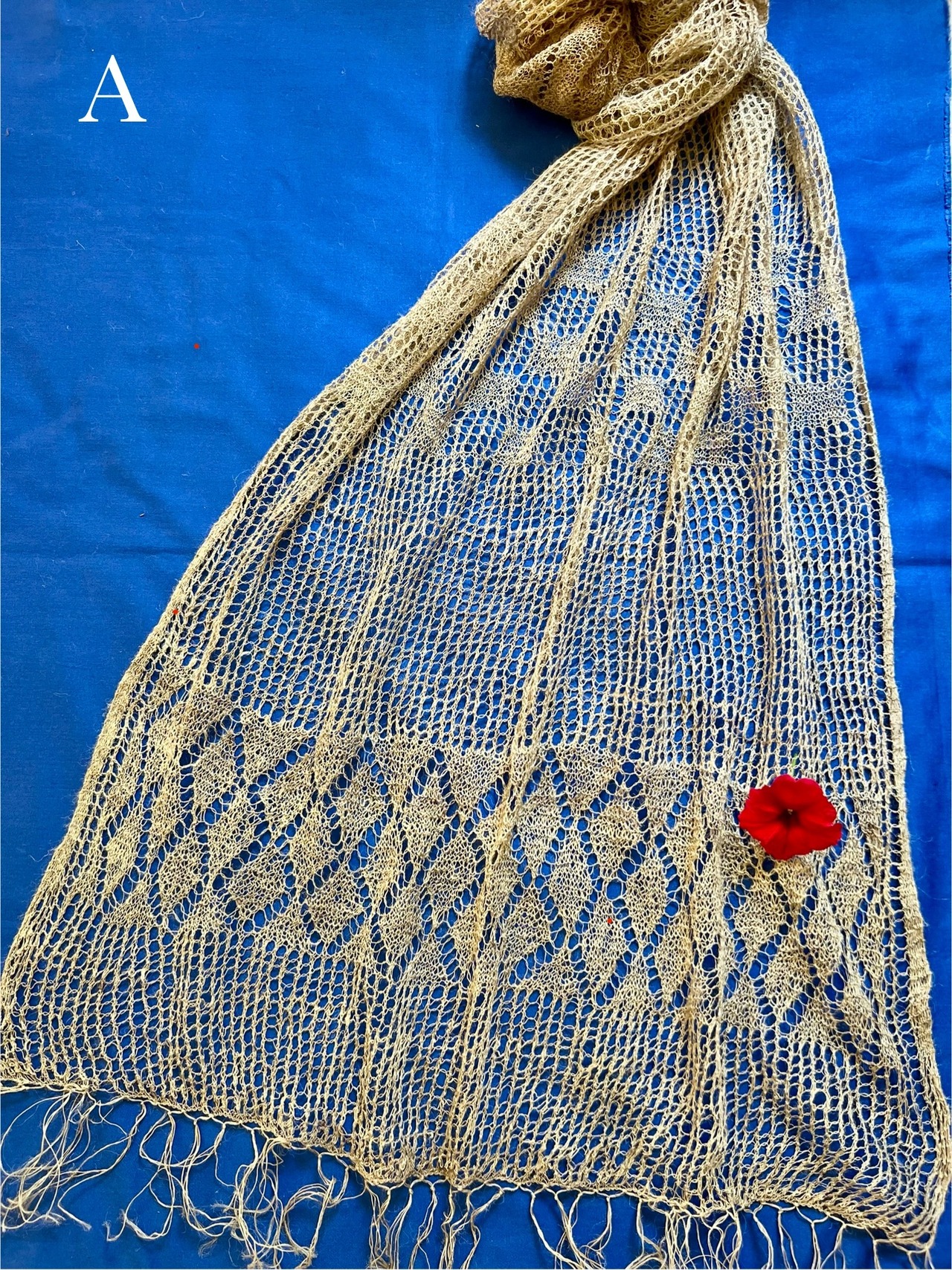 【大判】ヒマラヤ産 手紡ぎ・手編みのイラクサショール (ネパール)
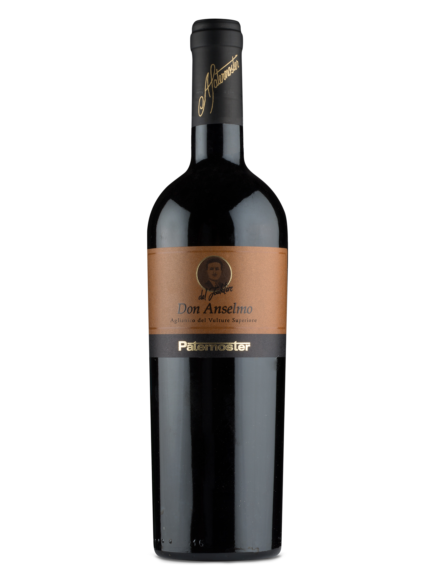 Questo Aglianico del Vulture Superiore - storicamente emblema della denominazione lucana - nasce come omaggio di Pino Paternoster a suo padre Anselmo, fondatore dell’azienda, uomo coraggioso e visionario che cominciò a produrre vino su un piccolo lembo di terra ed ebbe l’intelligenza nel 1925 di scrivere sull’etichetta il nome dell’azienda e la provenienza. Il Don Anselmo, prima vendemmia 1985, preclude a una svolta nella produzione aziendale. Pino, infatti, tra gli anni Settanta e Novanta, forte degli studi a Conegliano, era arrivato a produrre 50-60.000 bottiglie di spumante a base di Moscato e Malvasia. Don Anselmo segna allora l’inizio della valorizzazione del vitigno lucano, proseguita con Vito Paternoster, che l’ha portato alla notorietà, e corroborata dall’ingresso della Famiglia Tommasi, che nel 2016 ha acquisito l’azienda di Barile (Potenza), e da Fabio Mecca, quarta generazione nell’azienda Paternoster, giunta al traguardo dei cento anni. Don Anselmo nasce da viti di 50 anni a 600 metri slm, rese bassissime (35-40 q ad ettaro) e suolo vulcanico foriero di struttura, eleganza e longevità. Prima annata a quattro mani di Fabio Mecca e Giancarlo Tommasi, nella 2016 - bel rosso rubino brillante e profondo - al naso, ricco, prevale la frutta sotto spirito, sulle note di cuoio e spezie scure. La bocca è ampia, strutturata, equilibrata ed elegante. Note ematiche accompagnano il finale lunghissimo.
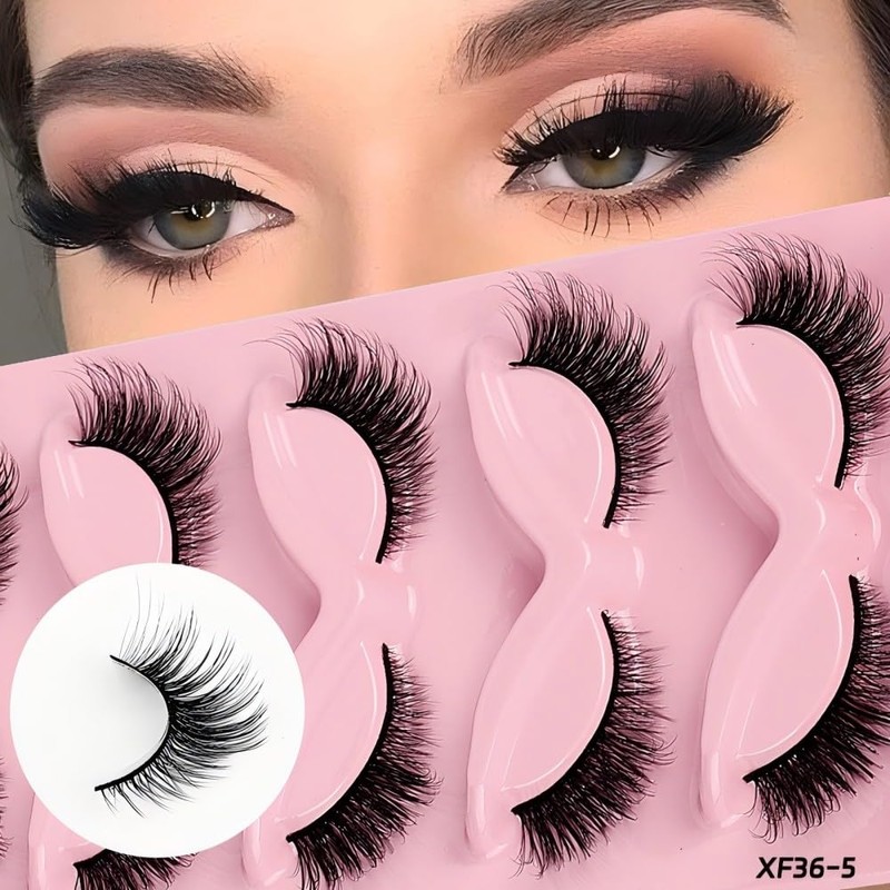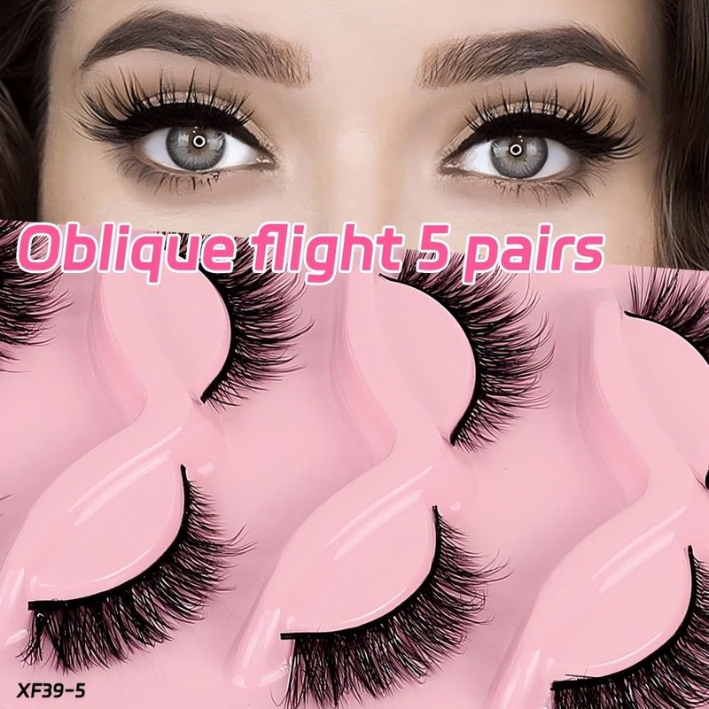 Uytrrsvd 5 Pairs 3D Faux Mink Lashes - Dramatic Cat Eye Wispy Volume with Featherlight Invisible Band, Reusable False Eyelashes Easy to Apply for Day to Night Wear, Parties & Special Events (XF39-5)
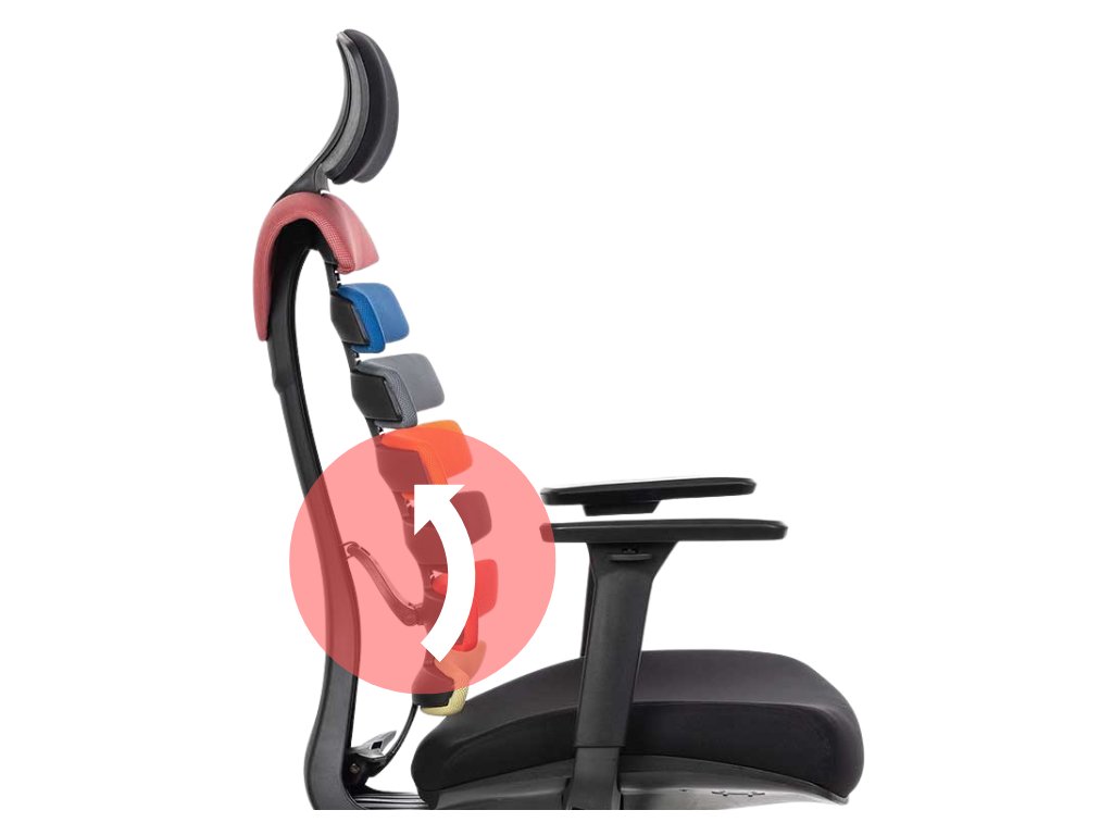 - Bederní opěrka: výškově nastavitelná (3+1 pozice), aby seděla přesně na vaši lordózu.
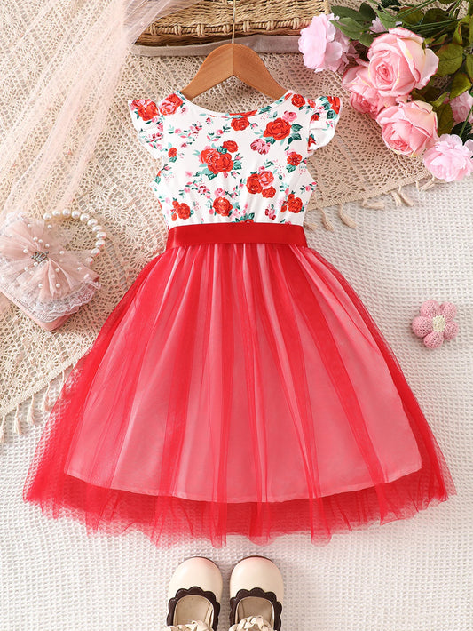 Girls' Spring and Summer Casual Fashion Knitted Round Neck Sleeveless Flutter Sleeve Ruffle Floral Print Mesh Dress Beach Vacation Party Gift
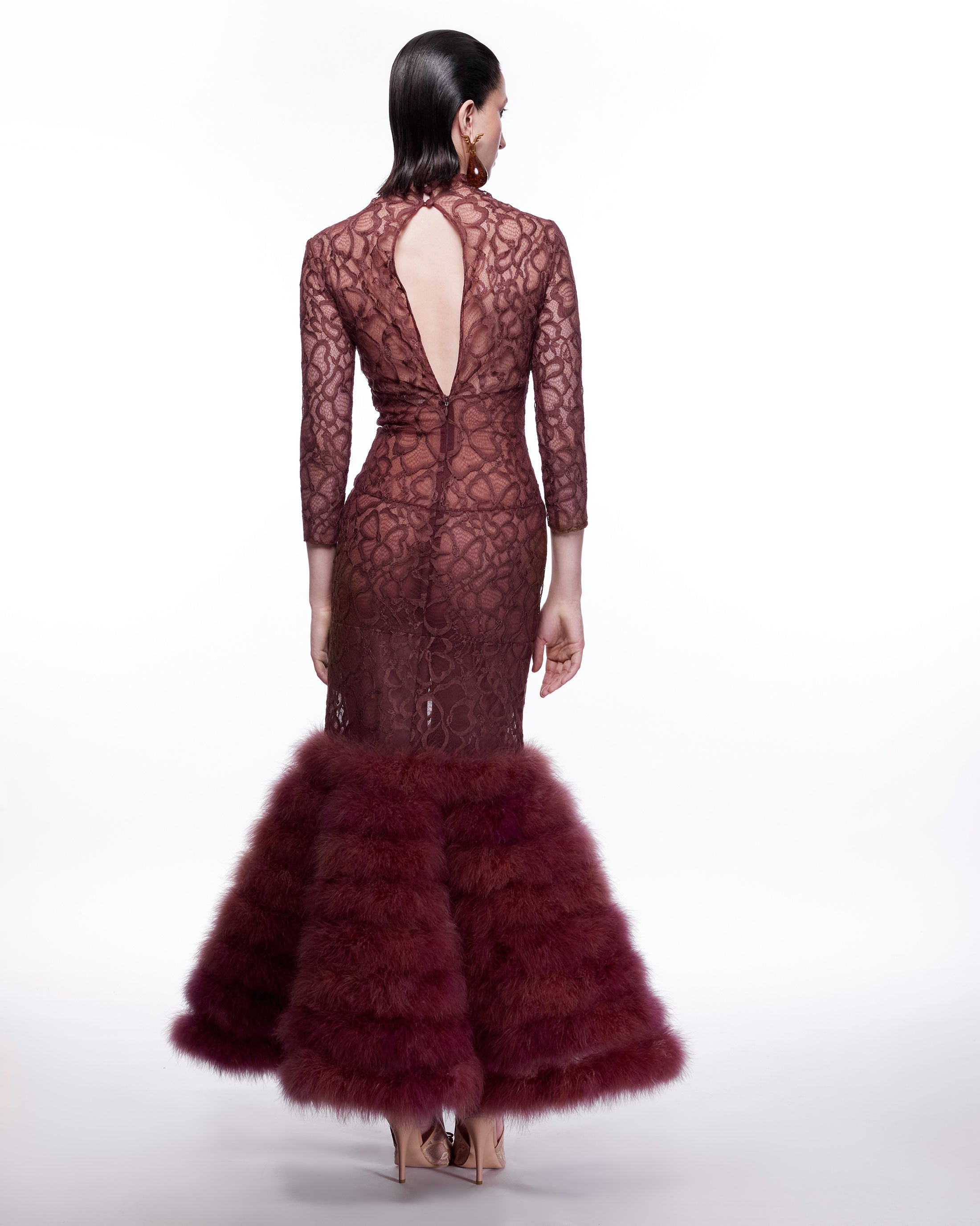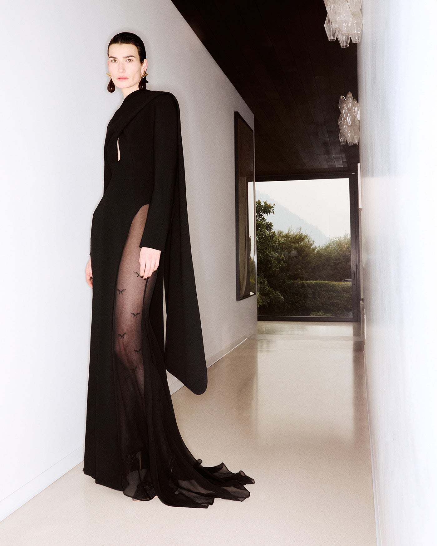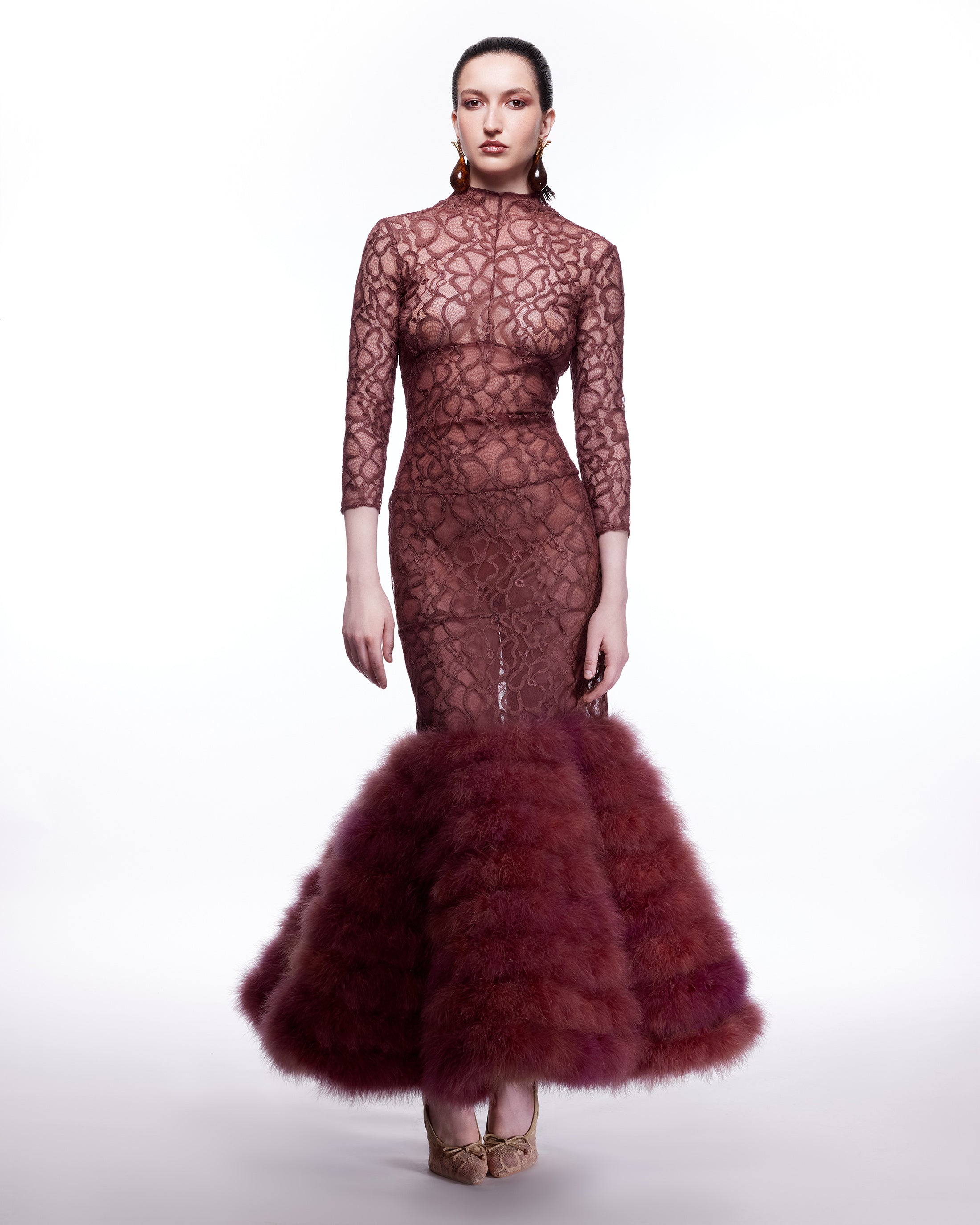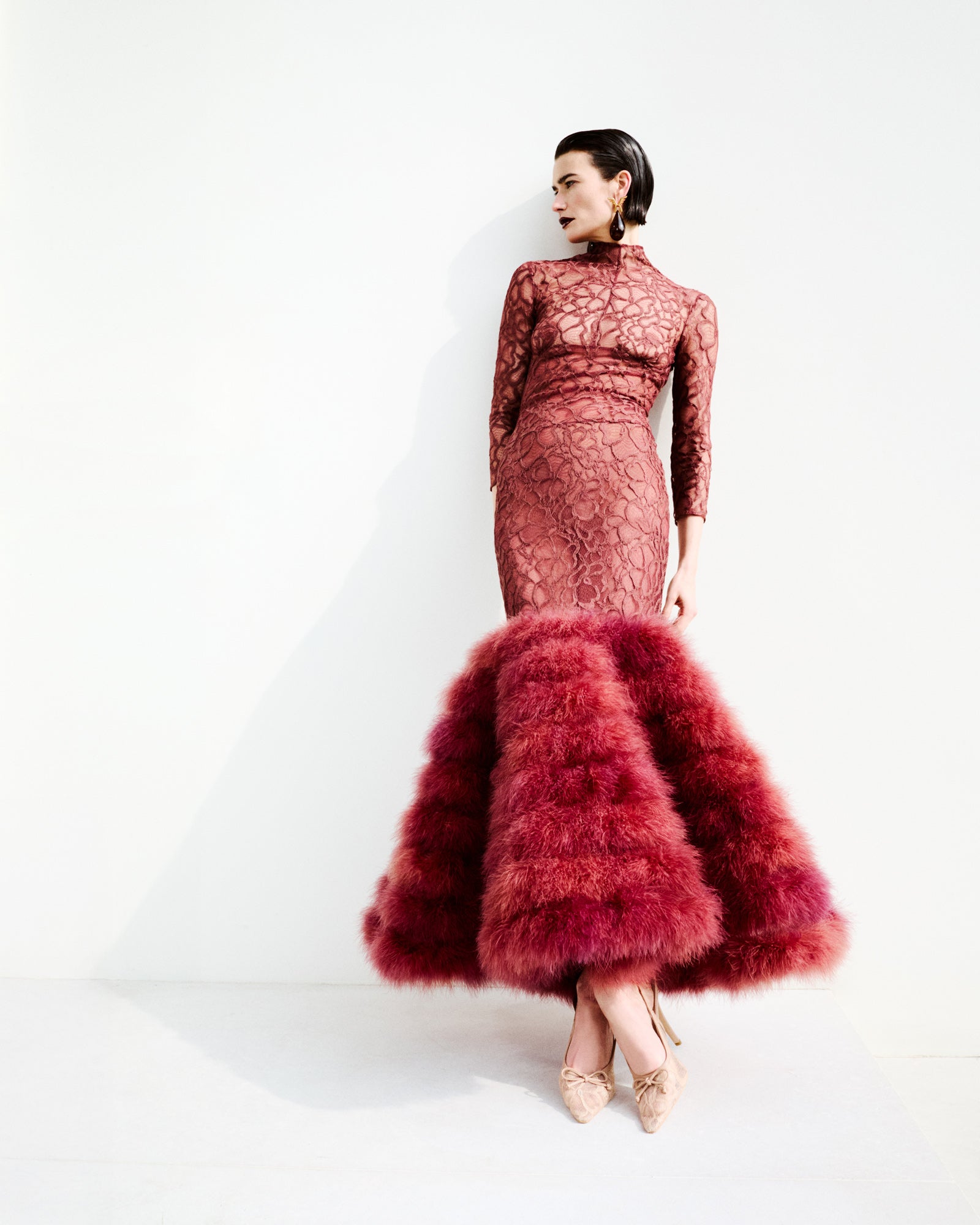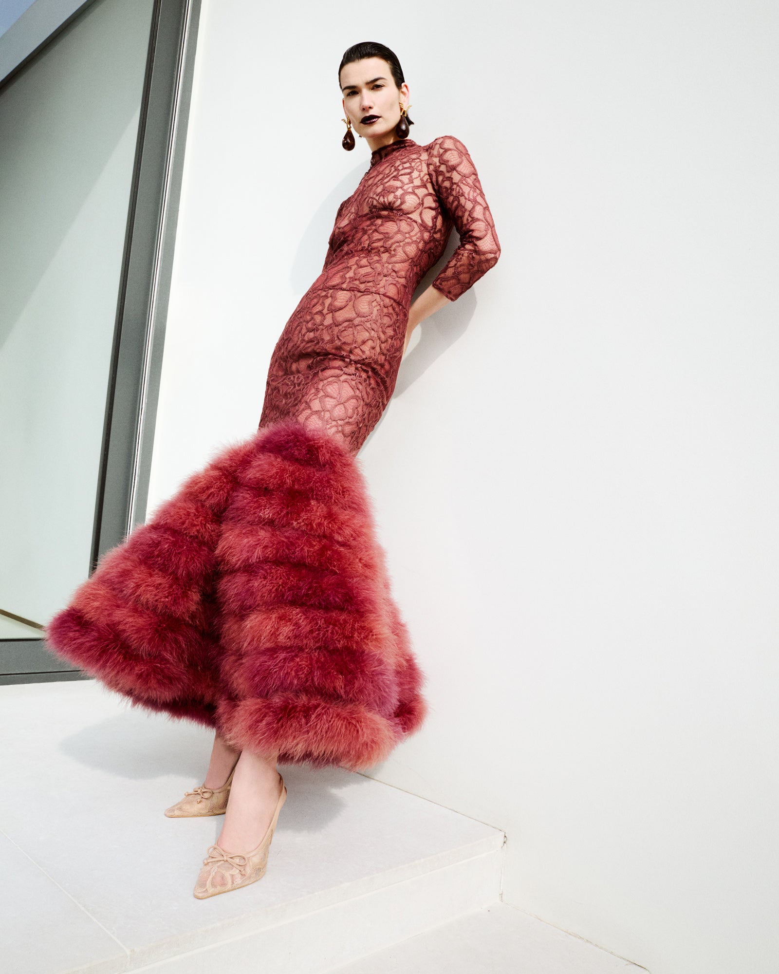 Exploring the many facets of womanhood, the collection reimagines classic silhouettes through a modern lens. Sculpted hourglass tailoring, signature teardrop openings, and plumed gowns in nude rosé and wine lace define the season’s vision of strength and sensuality.

**EXERCISE DIRECTIONS:**
Return exactly the lines running from the line with "Uytrrsvd 5 Pairs" through the final line of the listing. Leave the pictures out.

**ANSWER BOX:**
 Uytrrsvd 5 Pairs 3D Faux Mink Lashes - Dramatic Cat Eye Wispy Volume with Featherlight Invisible Band, Reusable False Eyelashes Easy to Apply for Day to Night Wear, Parties & Special Events (XF39-5)
 - Bederní opěrka: výškově nastavitelná (3+1 pozice), aby seděla přesně na vaši lordózu.
 Girls' Spring and Summer Casual Fashion Knitted Round Neck Sleeveless Flutter Sleeve Ruffle Floral Print Mesh Dress Beach Vacation Party Gift
 Exploring the many facets of womanhood, the collection reimagines classic silhouettes through a modern lens. Sculpted hourglass tailoring, signature teardrop openings, and plumed gowns in nude rosé and wine lace define the season’s vision of strength and sensuality.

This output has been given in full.